Nugent was especially irritated because six-game schedules had already been released. Players and coaches had a goal in sight.

“Our kids were going out and busting their butts every day and it was hard for us to move forward. ‘What can you put in? What offense can you put in a game? When are we going to play?,’” he said. “That was the hard part, we didn’t know when we were going to play, yet the kids always believed.”

Canyon del Oro High School coach Dustin Peace supported Nugent’s decision to suspend practices.

“It’s a huge move in leadership from our coaches’ standpoint for a guy to take a stance, because that’s how we all feel. … I commend him for doing that,” Peace said. “The No. 1 goal is to give us a decision. We’re all behind Coach (Nugent) with that same mentality.

“Ten (per 100,000) is unrealistic. There’s no way that’s happening. If you’re going to do that, then just say we’re done. That’s kinda how Coach Nugent feels. Make a different plan and let people move on.”

The news of the last few days highlighted the disagreement between the health department and the AIA, with many players and their parents pushing for a season.

By Friday evening, a Change.org petition created by parents of football players — “Pima County: Let them play!” — had 3,000 signatures.

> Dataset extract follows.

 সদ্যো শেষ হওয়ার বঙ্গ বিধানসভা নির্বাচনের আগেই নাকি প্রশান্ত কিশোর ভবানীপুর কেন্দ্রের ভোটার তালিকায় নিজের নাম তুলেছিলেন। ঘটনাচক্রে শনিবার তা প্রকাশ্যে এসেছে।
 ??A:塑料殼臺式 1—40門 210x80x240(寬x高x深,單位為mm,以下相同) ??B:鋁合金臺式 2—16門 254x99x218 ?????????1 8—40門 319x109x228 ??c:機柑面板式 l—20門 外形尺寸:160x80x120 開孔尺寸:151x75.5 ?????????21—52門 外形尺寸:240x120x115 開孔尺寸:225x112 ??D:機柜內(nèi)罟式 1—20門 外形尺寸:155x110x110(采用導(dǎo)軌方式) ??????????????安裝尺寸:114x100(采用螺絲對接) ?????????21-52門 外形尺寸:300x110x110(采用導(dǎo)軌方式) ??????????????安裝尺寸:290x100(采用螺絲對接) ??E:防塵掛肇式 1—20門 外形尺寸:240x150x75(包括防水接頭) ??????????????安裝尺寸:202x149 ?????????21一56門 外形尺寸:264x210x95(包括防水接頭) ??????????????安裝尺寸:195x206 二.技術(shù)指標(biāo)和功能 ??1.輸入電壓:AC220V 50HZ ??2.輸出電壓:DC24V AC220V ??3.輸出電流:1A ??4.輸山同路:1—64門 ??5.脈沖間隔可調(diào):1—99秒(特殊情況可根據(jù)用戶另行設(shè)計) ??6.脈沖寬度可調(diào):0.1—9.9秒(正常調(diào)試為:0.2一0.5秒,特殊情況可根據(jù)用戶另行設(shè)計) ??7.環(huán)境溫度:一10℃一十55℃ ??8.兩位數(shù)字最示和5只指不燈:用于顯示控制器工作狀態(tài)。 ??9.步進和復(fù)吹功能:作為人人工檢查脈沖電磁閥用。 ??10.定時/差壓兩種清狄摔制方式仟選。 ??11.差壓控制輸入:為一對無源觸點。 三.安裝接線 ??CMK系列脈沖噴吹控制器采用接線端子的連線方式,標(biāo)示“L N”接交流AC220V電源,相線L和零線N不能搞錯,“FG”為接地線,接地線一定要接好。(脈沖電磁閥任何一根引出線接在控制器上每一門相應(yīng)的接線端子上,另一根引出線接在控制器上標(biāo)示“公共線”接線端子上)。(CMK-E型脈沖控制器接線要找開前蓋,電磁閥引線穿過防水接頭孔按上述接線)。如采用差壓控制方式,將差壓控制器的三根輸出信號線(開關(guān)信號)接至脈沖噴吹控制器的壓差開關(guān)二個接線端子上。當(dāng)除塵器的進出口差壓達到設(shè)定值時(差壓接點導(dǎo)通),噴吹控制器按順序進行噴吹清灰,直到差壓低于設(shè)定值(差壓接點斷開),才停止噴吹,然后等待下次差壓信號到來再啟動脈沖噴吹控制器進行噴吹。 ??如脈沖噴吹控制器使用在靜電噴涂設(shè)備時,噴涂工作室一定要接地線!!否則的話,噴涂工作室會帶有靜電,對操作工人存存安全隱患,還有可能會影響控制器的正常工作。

AIA executive director David Hines said Friday that he’s “extremely frustrated for the kids.” Hines said the positive COVID-19 cases among high school football players in Arizona have not been traced back to football practices. It was “family gatherings, vacation or their families,” he said.

“We have worked really, really hard to give our kids an opportunity and felt like we put the measures in place that we could do this as safely as possible and mitigated the risks of getting COVID,” Hines said.

However, contact sports like football “may not be the best idea to bring children into that environment given where we are in terms of that transmission,” said Dr. Francisco Garcia, Pima County’s health director.

“It may be a very, very different story for the next semester,” he said. “But at least for today … I think our community transmission is still too high to be able to say that that is a safe and terrific activity.

“To be clear, we want kids to engage in physical activity. There are plenty of other physical activities and sports that other children are engaging in. Think about swimming. Kids are doing cross country in TUSD. … Kids are engaging in these kinds of activities and we think that that is terrific; but to do something like football, I think that carries with it considerably higher risk.”

The county’s recommendations should not impact Salpointe Catholic and Pusch Ridge Christian, two private schools that have been playing since Oct. 2. Sierra Vista Buena, which plays many Southern Arizona teams, will also proceed with its season.

Public schools in Maricopa, Yuma, Pinal and Cochise counties have made it through the first month of their truncated seasons. Now, it’s up to Pima County health officials and district superintendents to decide if they’re joining the rest of the state, postponing the season until the spring or canceling it altogether.

“Hopefully our administrators try to figure out a way to get this done or Pima County changes the number — or something,” Nugent said. “There’s always hope and there’s still time, and we’re not supposed to start our season until (Oct. 30), so will those change? We always hope. But for the players to continue to work every day and have the coaches at risk every day, it just wasn’t the right time. … We had to make a stand and we hope the whole community comes together and gives these kids an opportunity.”